Gestalten statt treiben lassen

Über den Rhein, den Wandel und das Wandern

Irgendwie war da immer der Rhein: Aufgewachsen bin ich in Cazis am Hinterrhein, das Gymnasium besuchte ich am Vorderrhein, genauer in Disentis. Und in Basel, wo der Rhein sein Knie beugt, sah ich die Universität von Innen (öfter, zu oft vielleicht, sass ich irgendwo am Rheinbord und schaute dem Fluss beim Fliessen zu). Dabei fragte ich mich manchmal, wie lange ein Wassertropfen von hier nach dort braucht, von der Quelle des Vorderrheins nach Basel zum Beispiel. Für diese Ausgabe habe ich es endlich ausgerechnet: Bei einer Fliessgeschwindigkeit von etwa zwei Metern pro Sekunde – je nach Wassermenge und Topografie variiert es – dauert es rund zwei Tage und sechs Stunden, bis der Rhein bei Basel die Schweiz verlässt. Und noch einmal fast einen Monat, bis er in die Nordsee mündet. 
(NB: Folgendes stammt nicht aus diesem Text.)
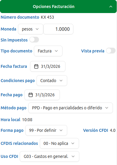 Forma pago : Si la factura es de tipo PUE, podrá seleccionar la forma en que le están pagando la factura en ese momento. Si es PPD, solo podrá seleccionar "Por definir", ya que la forma de pago final se verá reflejada en ese momento y deberá emitir un documento de pago subsecuentemente.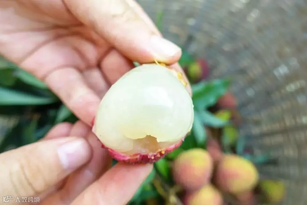 荔枝皮呈浅红色,薄且脆

Das hat mich überrascht – wie so vieles, was wir für diese Ausgabe zusammengetragen haben. Wie stark das Rheinwasser und das Gefälle seiner Täler für die Wasserkraft genutzt wird zum Beispiel: Noch lange bevor der Rhein zum Strom wird, wird er zu Strom. Bedrückt hat mich, wie sehr der Rhein von Schadstoffen belastet ist, selbst im Tomasee wurde Mikroplastik gefunden. Immerhin geht es den Fischen besser als auch schon, vor allem dank einer Fischtreppe, die vor wenigen Jahren im Kraftwerk Reichen­au installiert wurde. Seither schwimmen sogar wieder Bodenseeforellen in den Läufen von Vorder- und Hinterrhein. Und wenn bei Bad Ragaz dereinst der Rhein revitalisiert ist, werden auch dort Flora und Fauna diverser.
In dieser Ausgabe finden Sie gelegentlich kleine Anpassungen in Gestaltung und Formaten. Wir arbeiten derzeit daran, die «Terra Grischuna» fit zu machen für die Zukunft und sind dafür auf Ihre Mithilfe angewiesen. So finden Sie auf unserer Webseite eine Umfrage, mittels der wir herausfinden möchten, was Ihnen gefällt und was nicht, welche Themen Sie vermehrt lesen möchten und welche weiteren Ideen Sie vielleicht haben – denn wie ein Fluss nie derselbe ist, wenn man in ihn steigt, so ist auch alles andere einem ständigen Wandel unterworfen. Diesen wollen wir gestalten, statt uns treiben zu lassen. 

Ich möchte Sie zudem einladen, mit mir am Hinter­rhein wandern zu gehen, dort eben, wo ich aufgewachsen bin: Am 14. Juni führe ich eine Wandergruppe von Thusis in die Viamala-Schlucht. Gern erzähle ich dann, was ich weiss – bin aber ebenso gespannt darauf, Sie als unsere Leserinnen und Leser besser kennenzulernen. Alle Informationen dazu finden Sie auf Seite 49.
Nun wünsche ich Ihnen eine gute Lektüre – und vielleicht ja auf bald am Rhein.

Julian Reich 
Redaktionsleiter

PS: Eine Geschichte, die leider keinen Platz im Heft fand: Vor 70 Jahren sorgte die Sichtung eines Belugawals im Rhein für Aufsehen. Er war einem Zootransport entflohen und gelangte bis Bonn, 600 Kilometer von der Rheinmündung entfernt. Trotz vieler Versuche, ihn wieder einzufangen, schwamm er schliesslich in die Nordsee Richtung Freiheit. Sein Spitzname: Moby Dick.